How Does Micro Finance Work?

2yw8fgh How Does Micro Finance Work?You are probably familiar with the term ‘microfinance’, but what about its meaning? There are hundreds of microfinance charities all around the world and they provide a financial lifeline for people who can’t get credit elsewhere, so having an understanding of them is crucial to understanding what forms a significant part of the economy in some places.

Microfinance is a relatively simple concept, working on similar principles to credit unions. This means that all of its profits are put towards future loans and developments, allowing microloan charities to benefit as many people as possible. These charities can be funded in a range of ways: some are quite closely tied to the mainstream financial system, meaning that there is a sort of ‘top down’ approach to the distribution of funds.

However, many other microfinance charities and groups are member-funded. This can take a couple of different forms. One way of funding these groups is for people to donate money that is then lent to people requesting loans. For instance, people in the UK could donate money to help small businesses in Africa. The loan can then be paid back to them or they can put it towards more business ventures. The groups can also be funded locally, where small unions are set up in a particular area – the aim is that they can eventually become self-funding as more people receive and then pay back their loans.

Some people question the idea of charging interest on these loans, especially as the money is going to people who are very poor. Not all institutions charge interest. However, for those that do, the interest serves a couple of purposes. One is that it helps to formalise the loans process, which means that the people receiving the money are more likely to feel that they are valued clients – as opposed to receiving charity, to which some people might be opposed and others might see as providing less incentive to pay back the money.

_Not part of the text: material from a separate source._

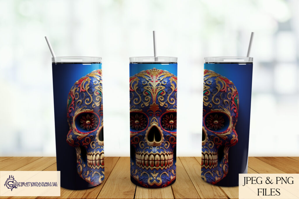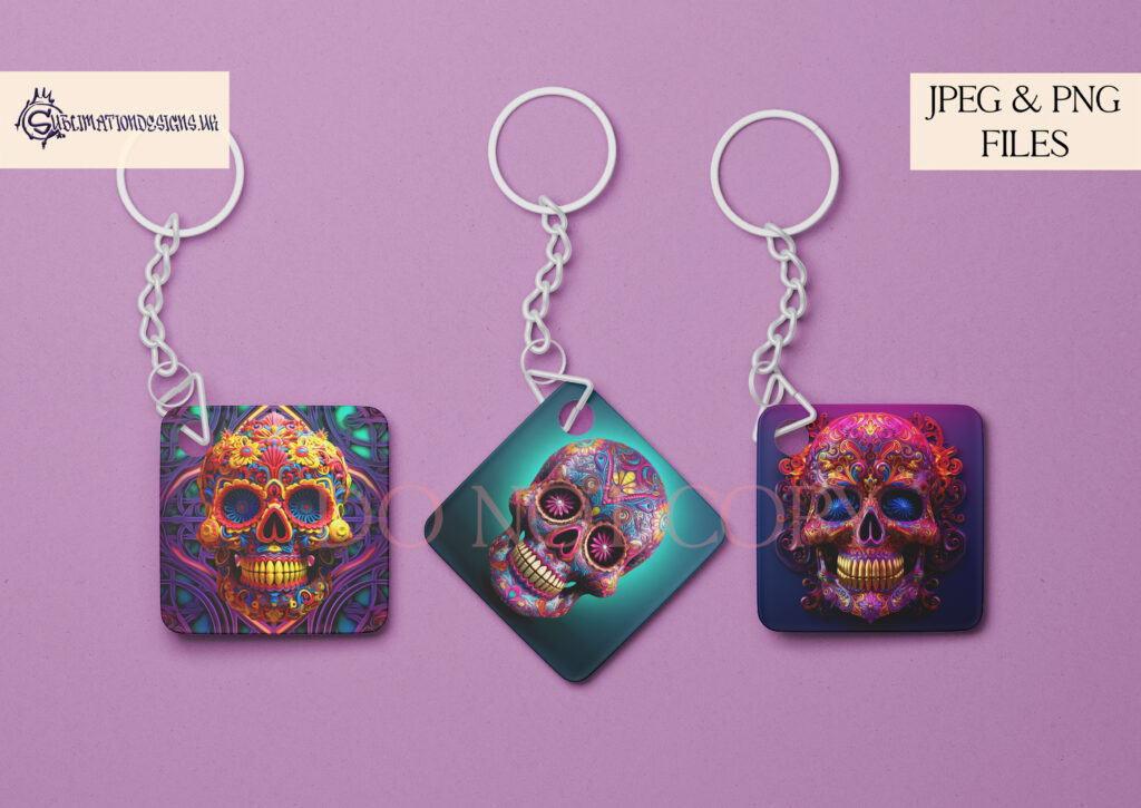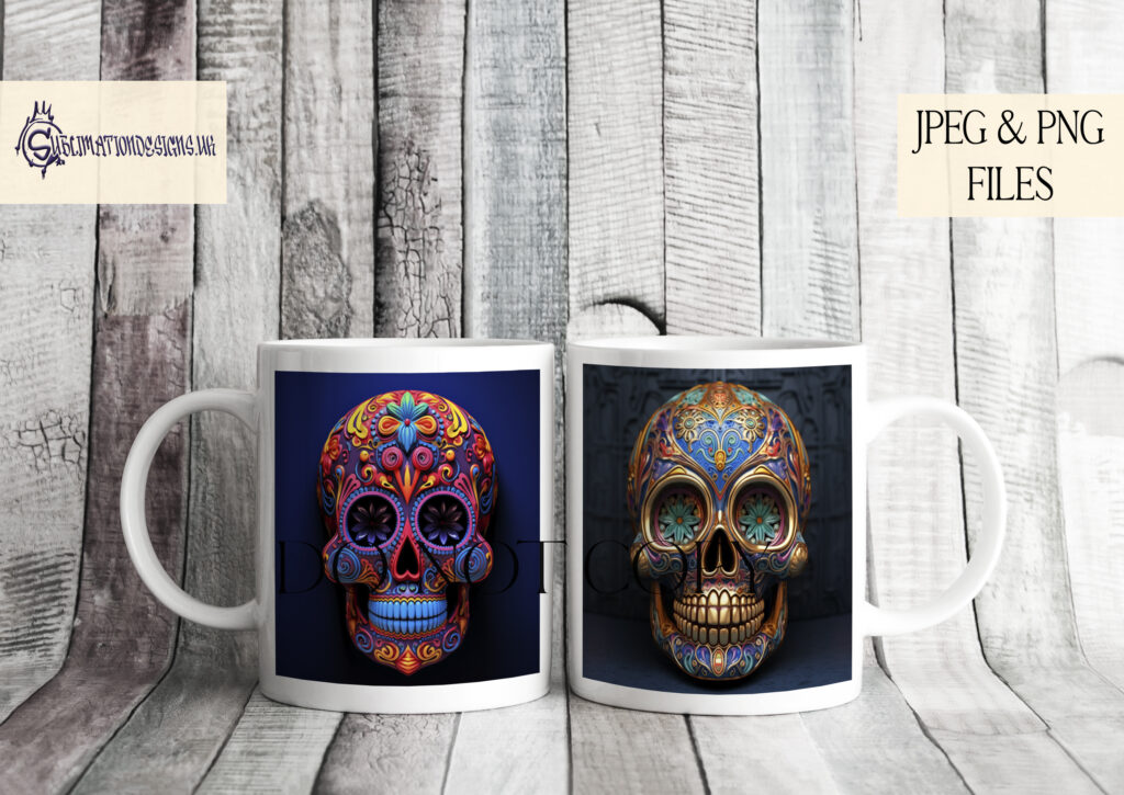 8 Individual Sugar Skull Designs, plus 4 bonus files with a patterned background.

Another reason for charging interest on microfinance loans is that it helps to fund local unions and the charities that run these schemes, as well as offering the potential for more money to be made available for loans in the future. This means that even though much of the microfinance industry operates outside of what we might consider ‘mainstream’ financial institutions, it still upholds strict and robust economic principles – it’s main difference is that it is willing to lend money to people who ordinarily would not be able to get credit elsewhere and so plays a valuable role in the world of finance.